I have about a dozen Abu Garcia (5000 & 6000) casting reels. We mainly fish for carp and catfish. I just purchased a couple "bait alarms". These bait alarms seem to be great (very sensitive) BUT they seem to be designed mainly for spinning rod and reels!! We use custom made rod holders for shore fishing. My question is what is the best way to use "or mount" these bait alarms? I think that we'll need to turn our "casting rod and reels" up side down in the rod holders. 
The thread size (on the mount) of these bait alarms is 9mm which is very rare in the states. I think some type of "ground stake" would work. It would need to be expandable .... ANY IDEAS???


----------



## TimJC (Apr 6, 2004)

The threads on the bait alarm use British standard fine threading, which you will have trouble finding in the US outside of carp tackle suppliers.
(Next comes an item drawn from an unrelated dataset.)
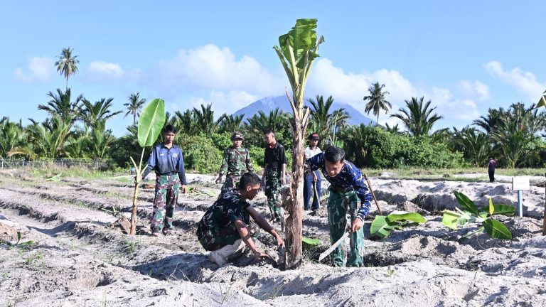 Cakra101, Natuna.- TNI Angkatan Udara melalui Pangkalan TNI AU Raden Sadjad (Lanud RSA) Natuna terus menunjukkan komitmennya dalam memperkuat ketahanan pangan nasional. Salah satunya melalui kegiatan penanaman 200 bibit pisang di area RSA Farm, Lanud RSA, Kabupaten Natuna, Provinsi Kepulauan Riau, Senin (28/4/2025).

The good news is that it sounds like what you are looking for are banksticks. These are almost always extendable, are listed by their collapsed size, and all come with the correctly threaded top that is standard for all European bite alarms. Take a look at http://www.bigcarptackle.com, http://www.wackerbaita.com or http://www.resistancetackle.com. Otherwise, Westside Bait and Tackle in Indianapolis is the closest store that stocks these items.


----------



## CarpCatMan (Jul 18, 2005)

Thanks Tim ..... that's a start!!


----------